The Arikara (/əˈrɪkərə/ ə-RICK-ə-rə), also known as Sahnish, Arikaree, Ree, or Hundi, are a tribe of Native Americans in North Dakota and South Dakota. Today, they are enrolled with the Mandan and the Hidatsa as the federally recognized tribe known as the Mandan, Hidatsa, and Arikara Nation.

==Synonymy==
The Arikara's name is believed to mean "horns", in reference to the ancient custom of wearing two upright bones in their hair. The name also could mean "elk people" or "corn eaters".

==Language==
The Arikara language is a member of the Caddoan language family. Arikara is close to the Pawnee language, but they are not mutually intelligible. As of 2007, the total number of remaining native speakers was reported as ten, one of whom, Maude Starr, died on 20 January 2010. She was a certified language teacher who participated in Arikara language education programs.

== Early history ==
Linguistic divergence between Arikara and Pawnee suggests a separation from the Skidi Pawnee in about the 15th century. The Arzberger site near present-day Pierre, South Dakota, designated as a National Historic Landmark, is an archeological site from this period, containing the remains of a fortified village with more than 44 lodges.

An Arikara village, near where present-day Pierre, South Dakota developed, was visited in 1743 by two sons of the French trader and explorer La Vérendrye.

In the last quarter of the 17th century, the Arikara came under attack from the Omaha/Ponca and the Iowa near the end of the Omaha/Ponca migration to Nebraska. With peace established later, the Arikara influenced the newcomers. The Omaha still credit the Arikara women for instructing them in the art of building earth lodges.

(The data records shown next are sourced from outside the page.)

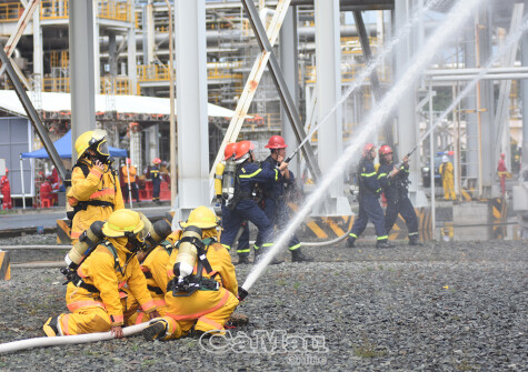 Tại 2 phân đoạn diễn tập, ngay sau sự khi cố xảy ra, lực lượng ứng cứu ban đầu của nhà máy có mặt, sử dụng các thiết bị chuyên dụng khống chế đám cháy, ngăn chặn nguy cơ cháy lan sang các khu vực lân cận.
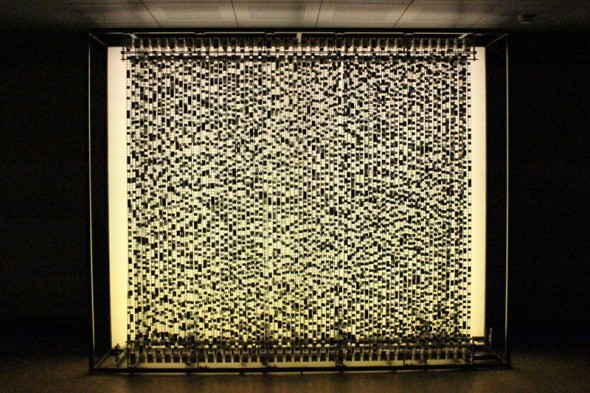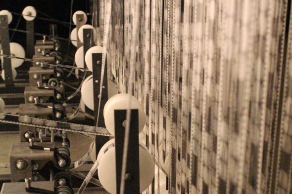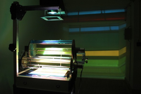 Continuization Loop by Wim Janssen – (and a view showing the mechanism) A live, moving image of ‘noise’ created by an amazing construction of reels that feed one continuous 35mm loop of film exposed as black or clear frames… stunning.
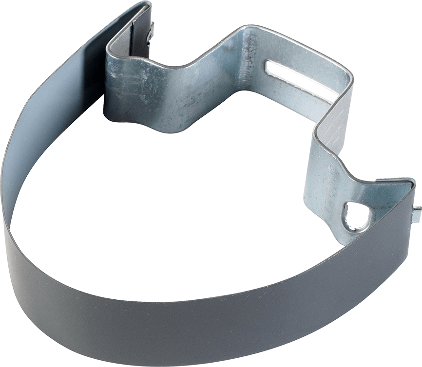 Syöksytorven kiinnityspannan pohjaosa sinkittyä terästä ja syöksytorven kiinnityspanta pinnoitettua terästä. (sadevesijärjestelmän osa, seinäkiinnike). Vakiona 100 mm putkeen sopiva.
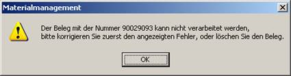 Auf Belege mit fehlerhaften Zeilen wird beim „Verarbeiten“ mit folgender Meldung hingewiesen:
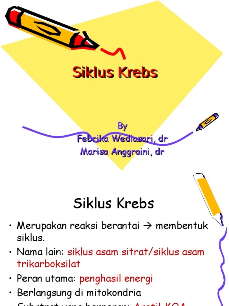 100% (1) 100% found this document useful (1 vote) 24 views 54 pages. Siklus krebs siklus asam sitrat Yulia suciati krebs cycle, electron transport and oxidative phosphorylation yulia suciati. Simpan simpan siklus krebs untuk nanti. Siklus krebs siklus asam sitrat terjadi didalam matriks mitokondria proses ini bersifat aerobik fungsi utama siklus asam sitrat (siklus krebs) a/ bekerja sbg lintasan akhir bersama untuk oksidasi kh, lipid, protein. Scribd adalah situs bacaan dan penerbitan sosial terbesar di dunia. Pengertian siklus krebs fase kedua respirasi aerob adalah siklus krebs. Dari daur krebs akan keluar elektron dan ion h+ yang dibawa sebagai nadh2 (nadh + h+ + 1 elektron) dan fadh2, sehingga di dalam mitokondria (dengan adanya siklus krebs yang dilanjutkan dengan oksidasi melalui sistem pengangkutan elektron) akan terbentuk air, sebagai hasil sampingan respirasi selain co2 (bambang heri gunawan, 2006). Scribd adalah situs bacaan dan penerbitan sosial terbesar di dunia. Scribd adalah situs bacaan dan penerbitan sosial terbesar di dunia. Download as ppt, pdf, txt or read online from scribd. 0 penilaian 0% menganggap dokumen ini bermanfaat (0 suara) 632 tayangan 13 halaman. Siklus kreb disebut juga sebagai siklus asam sitrat, yaitu serangkaian reaksi kimia dalam sel pada mitokondria yang berlangsung secara berurutan dan berulang.
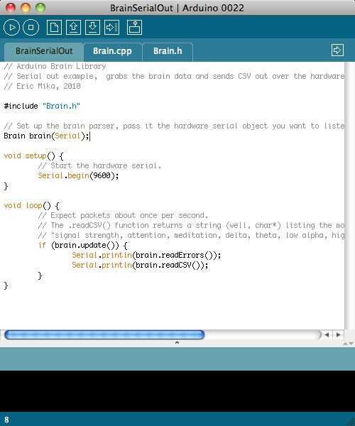 'BrainSerialOut.pde' archivo y súbelo a tu Arduino.
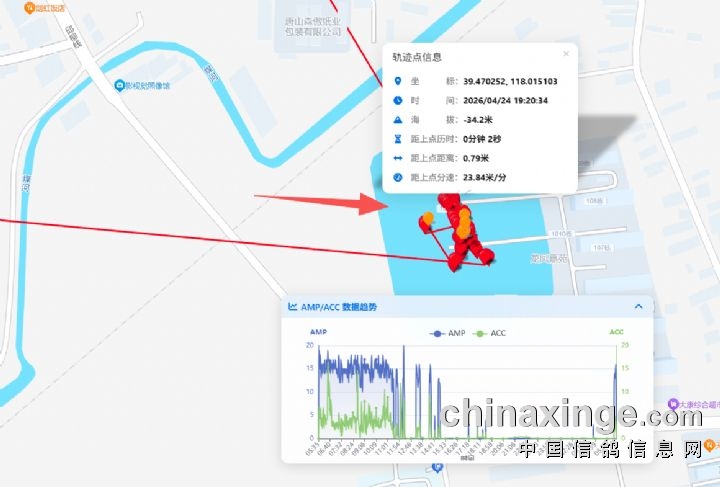 后该羽赛鸽的飞行轨迹于2026年/04/2418点00分定位显示在(汇通路交叉路口)康美牙科附近,该羽赛鸽的飞行轨迹有沿道路移动迹象,飞行的海拔仅为-18.5米,很明显这并不是赛鸽正常的飞行高度与飞行轨迹。
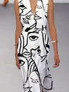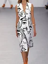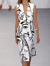 Fashion Art Print V-neck Belted Sleeveless Midi Dress
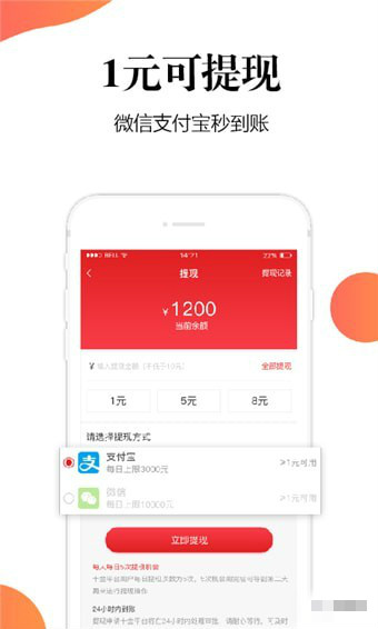 分享明细、邀请明细、收入提现明细,让每个使用者明明白白赚钱,1元即可提现秒到账,收入有保障

== Culture and lifestyle ==
The Arikara lived as a semi-nomadic people on the Great Plains. During the sedentary seasons, the Arikara lived primarily in villages of earth lodges. While traveling or during the seasonal bison hunts, they erected portable tipis as temporary shelter. They were primarily an agricultural society, whose women cultivated varieties of corn (or maize). The crop was such an important staple of their society that it was referred to as "Mother Corn."

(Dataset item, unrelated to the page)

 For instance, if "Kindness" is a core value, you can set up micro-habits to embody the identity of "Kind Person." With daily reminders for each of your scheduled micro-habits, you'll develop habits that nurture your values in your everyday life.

An early European, a botanist, praised the Arikara women as excellent cultivators. He had not seen finer crops anywhere in America. The surplus corn and other crops, along with tobacco, were traded to the Lakota, the Cheyenne and more southern plains tribes during short-lived truces. The amount of trading items passing through the Arikara villages made them a "trading center on the Upper Missouri". Before smallpox epidemics hit the three village tribes, they were the "most influential and affluent peoples in the Northern Plains".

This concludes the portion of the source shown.